I am using the Python API to cplex to solve an optimization problem: finding the set of binary variables of size N (e.g. 10) to maximize their mutual distance. To do so, I have put together the following:
matrix = pd.read_csv("matrix.csv", index_col=0)
# declare integer variables
im = Model(name='max_weight_clique')
b = im.binary_var_dict(matrix.index.values)
# define objective function
clique_weight = im.sum(b[i] * b[j] * (matrix.loc[i, j] + matrix.loc[j, i])
for i, j in itertools.combinations(matrix.index, 2))
# add to key performance indicators
im.add_kpi(clique_weight, 'clique_weight')
# set size of clique
im.add_constraint(im.sum(b) == 10)
im.maximize(clique_weight)
I would like to modify my objective function to, instead, maximize the minimum distance. When I try to specify this as the following, I run into an error:
# minimum within clique
clique_min = im.min(adj_mat.loc[i, j] for i in adj_mat.index for j in adj_mat.index if b[i] == 1 and b[j] == 1)

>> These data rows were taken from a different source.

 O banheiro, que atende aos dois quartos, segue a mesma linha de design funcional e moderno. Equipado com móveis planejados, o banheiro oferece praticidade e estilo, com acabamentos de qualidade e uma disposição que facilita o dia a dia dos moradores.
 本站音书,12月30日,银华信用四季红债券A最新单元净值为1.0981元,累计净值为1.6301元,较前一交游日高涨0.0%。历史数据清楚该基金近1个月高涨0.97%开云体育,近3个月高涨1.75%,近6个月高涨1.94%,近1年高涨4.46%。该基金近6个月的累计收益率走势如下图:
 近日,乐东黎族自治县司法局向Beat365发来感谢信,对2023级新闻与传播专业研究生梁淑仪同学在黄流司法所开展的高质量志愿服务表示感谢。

im.add_kpi(clique_min, 'clique_min')
TypeError: cannot convert a constraint to boolean: acc_num_NC_015394 == 1
How should I correctly specify this constraint? This seems related to this SO, but my issue is specific to the python API.

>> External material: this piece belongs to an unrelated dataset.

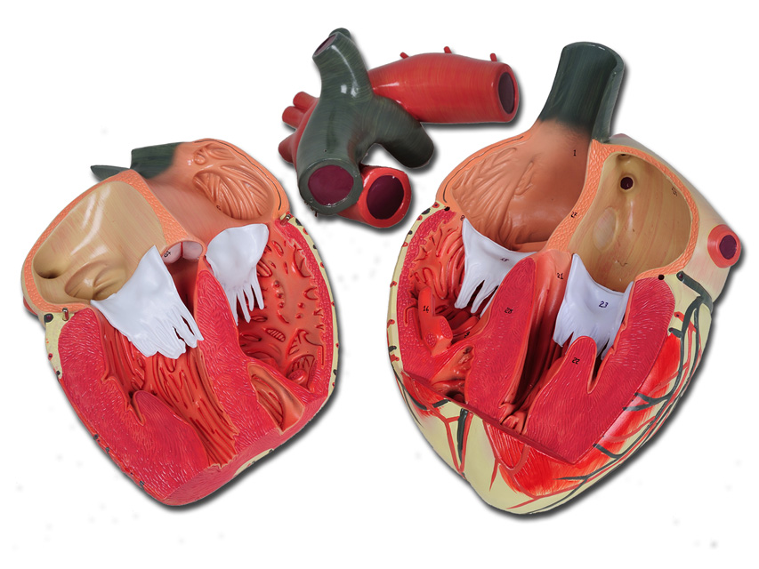 This model of a heart shows internal structures including the cardiac valves and the comparative morphology of the right and left ventricles.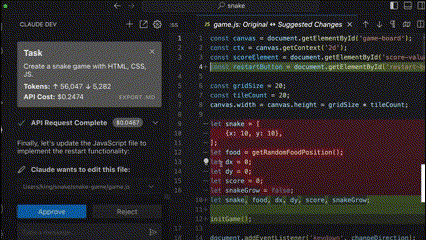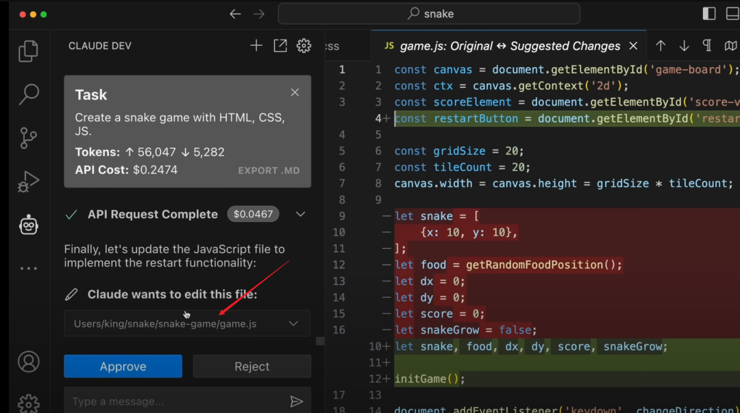 所以我们回到Claude Dev并要求它修复这个问题。我们在这里发送提示,它正在处理,现在它在请求读取game.js文件,我们在这里批准请求。好了,现在正在生成更改,你可以在这里查看代码差异,批准它。好了,完成了。

The issue in your formulation is that the '==' tests involving binary decision variables in the iterators are not recognized as model constraints.

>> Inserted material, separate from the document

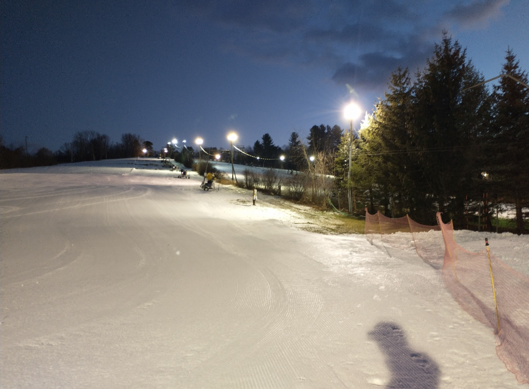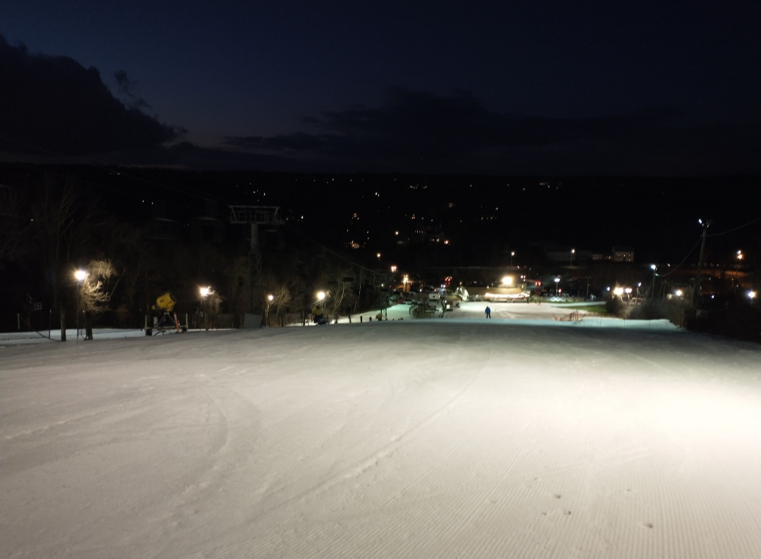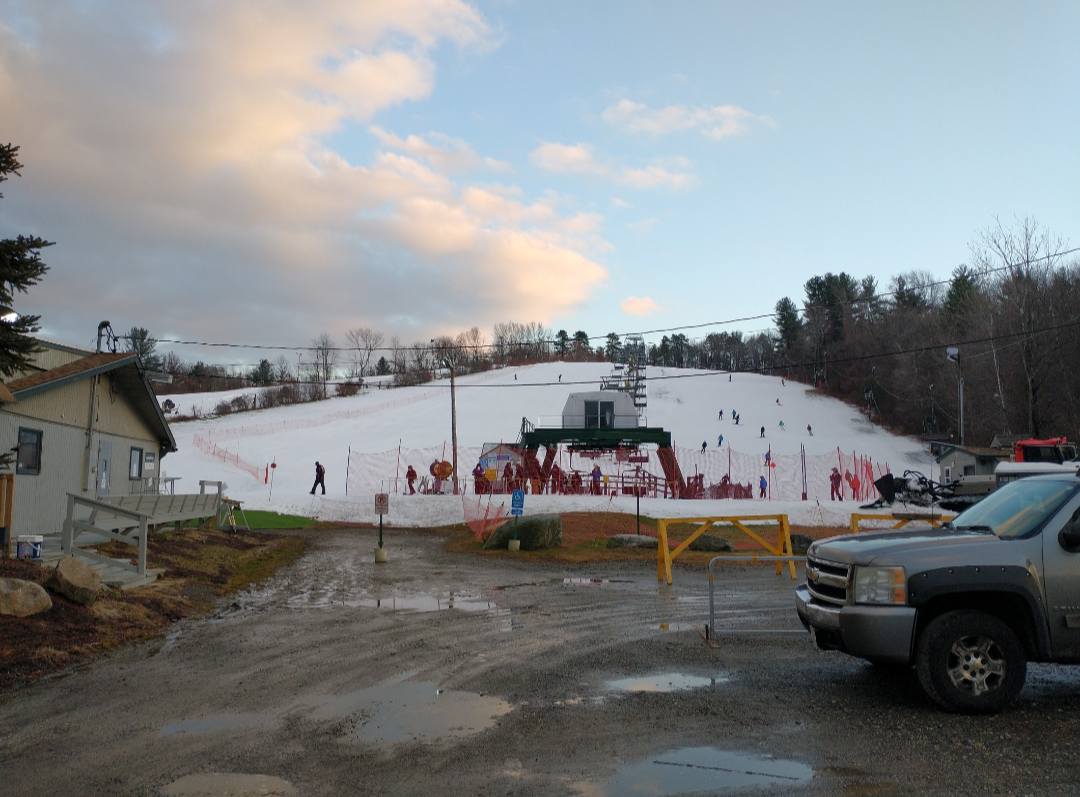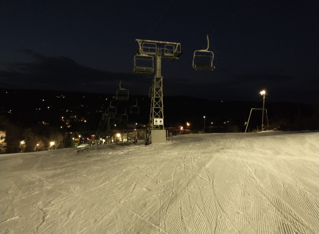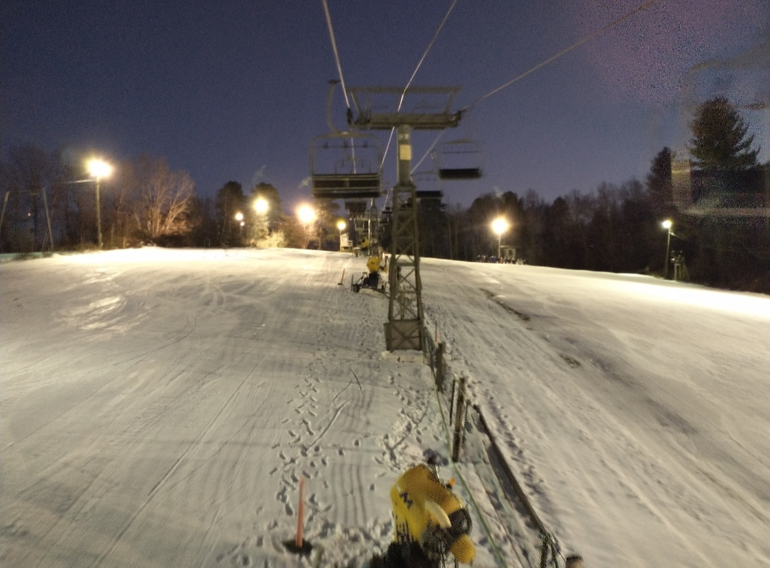 Although I grew up only an hour away, surprisingly I had never skied at Ward when they were open until yesterday. Compared to the other metro Boston ski areas, they are very aggressive with snowmaking and are currently the only one of the 4 metro Boston ski areas open. They had three slopes open, Winter's Magic & White Out from the Triple, and Dream Maker from the carpet. While the two ways down from the summit weren't much different than any other run at the metro Boston areas, they were perfect for a few hours of night skiing. Unfortunately the classic Mueller T-bar wasn't running, but the newer Partek chairlift is also quite interesting because it utilizes lattice towers from the old Mueller double. They have a very nice, although small, lodge with a full bar, and a lighted patio area outside. The attention to detail at Ward was very nice with padded chairlift seats, bars to keep children from sliding under the safety bars, and outdoor carpeting around the base area to make it easier to walk in ski boots. With affordable midweek ticket pricing, it's definitely worth a stop if you're in the Boston area!

One option to model this kind of constraint is to use indicator constraints. Here is a possible formulation for your example:
bij_ind = im.binary_var_matrix(matrix.index.values, matrix.index.values, name='ind_')
clique_min = im.continuous_var(name='clique_min')
for i in matrix.index:
for j in matrix.index:
im.add(bij_ind[i, j] == im.min(b[i], b[j]))
im.add_indicator(bij_ind[i, j], clique_min <= adj_mat.loc[i, j])
im.add_kpi(clique_min, 'clique_min')
im.maximize(clique_min)
I don't think this formulation is very efficient though.